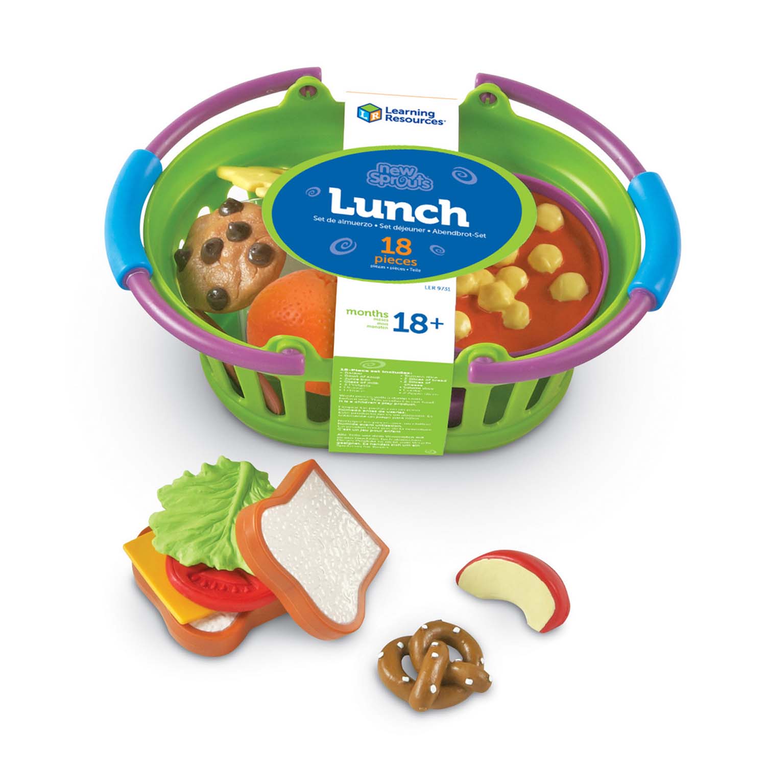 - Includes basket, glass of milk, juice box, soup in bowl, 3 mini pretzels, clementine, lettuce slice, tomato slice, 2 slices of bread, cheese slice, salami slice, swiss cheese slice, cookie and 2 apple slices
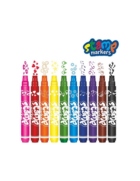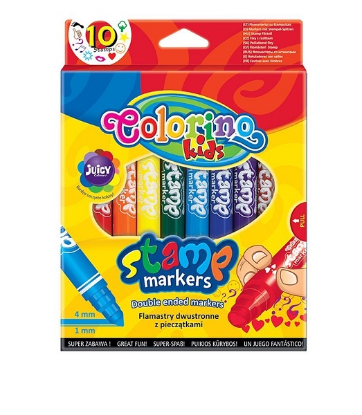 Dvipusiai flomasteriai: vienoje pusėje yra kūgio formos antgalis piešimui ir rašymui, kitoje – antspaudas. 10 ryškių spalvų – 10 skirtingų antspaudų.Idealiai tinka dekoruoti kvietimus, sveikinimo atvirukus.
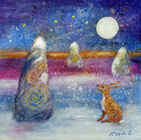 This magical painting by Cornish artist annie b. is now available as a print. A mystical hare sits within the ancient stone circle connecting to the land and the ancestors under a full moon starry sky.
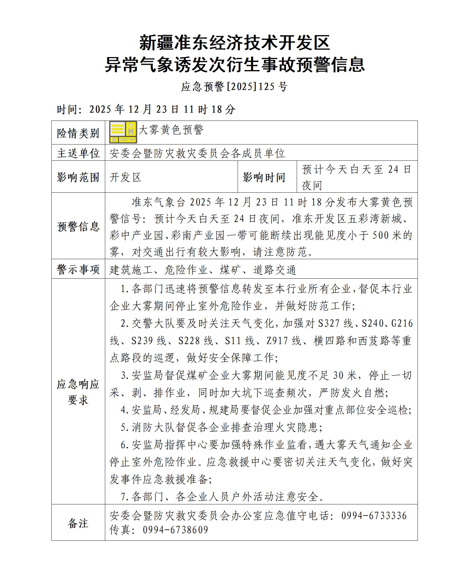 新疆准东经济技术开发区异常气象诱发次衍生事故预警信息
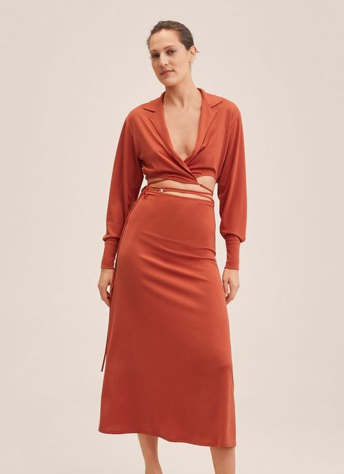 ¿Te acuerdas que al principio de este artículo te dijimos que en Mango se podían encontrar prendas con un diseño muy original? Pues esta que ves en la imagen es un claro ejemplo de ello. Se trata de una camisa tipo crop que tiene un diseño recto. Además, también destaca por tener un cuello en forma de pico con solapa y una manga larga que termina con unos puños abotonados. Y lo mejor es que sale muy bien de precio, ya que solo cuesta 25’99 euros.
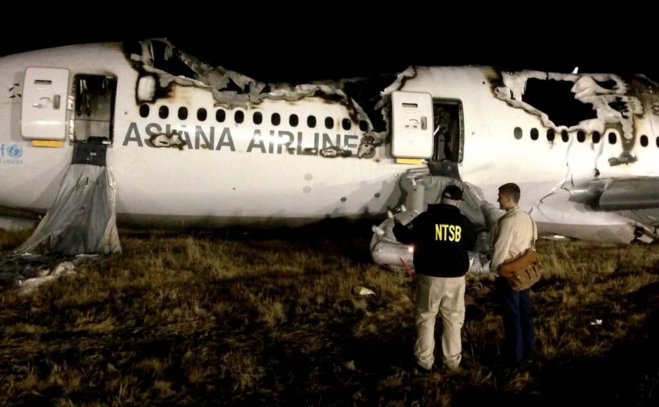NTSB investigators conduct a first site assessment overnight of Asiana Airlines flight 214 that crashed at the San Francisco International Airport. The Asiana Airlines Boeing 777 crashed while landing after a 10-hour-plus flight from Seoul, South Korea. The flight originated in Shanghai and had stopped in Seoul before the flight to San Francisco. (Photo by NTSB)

* [Problem statement]
None of the pictures should appear; repeat the records exactly otherwise.

* [Solved exercise]
 - Includes basket, glass of milk, juice box, soup in bowl, 3 mini pretzels, clementine, lettuce slice, tomato slice, 2 slices of bread, cheese slice, salami slice, swiss cheese slice, cookie and 2 apple slices
 Dvipusiai flomasteriai: vienoje pusėje yra kūgio formos antgalis piešimui ir rašymui, kitoje – antspaudas. 10 ryškių spalvų – 10 skirtingų antspaudų.Idealiai tinka dekoruoti kvietimus, sveikinimo atvirukus.
 This magical painting by Cornish artist annie b. is now available as a print. A mystical hare sits within the ancient stone circle connecting to the land and the ancestors under a full moon starry sky.
 新疆准东经济技术开发区异常气象诱发次衍生事故预警信息
 ¿Te acuerdas que al principio de este artículo te dijimos que en Mango se podían encontrar prendas con un diseño muy original? Pues esta que ves en la imagen es un claro ejemplo de ello. Se trata de una camisa tipo crop que tiene un diseño recto. Además, también destaca por tener un cuello en forma de pico con solapa y una manga larga que termina con unos puños abotonados. Y lo mejor es que sale muy bien de precio, ya que solo cuesta 25’99 euros.
NTSB investigators conduct a first site assessment overnight of Asiana Airlines flight 214 that crashed at the San Francisco International Airport. The Asiana Airlines Boeing 777 crashed while landing after a 10-hour-plus flight from Seoul, South Korea. The flight originated in Shanghai and had stopped in Seoul before the flight to San Francisco. (Photo by NTSB)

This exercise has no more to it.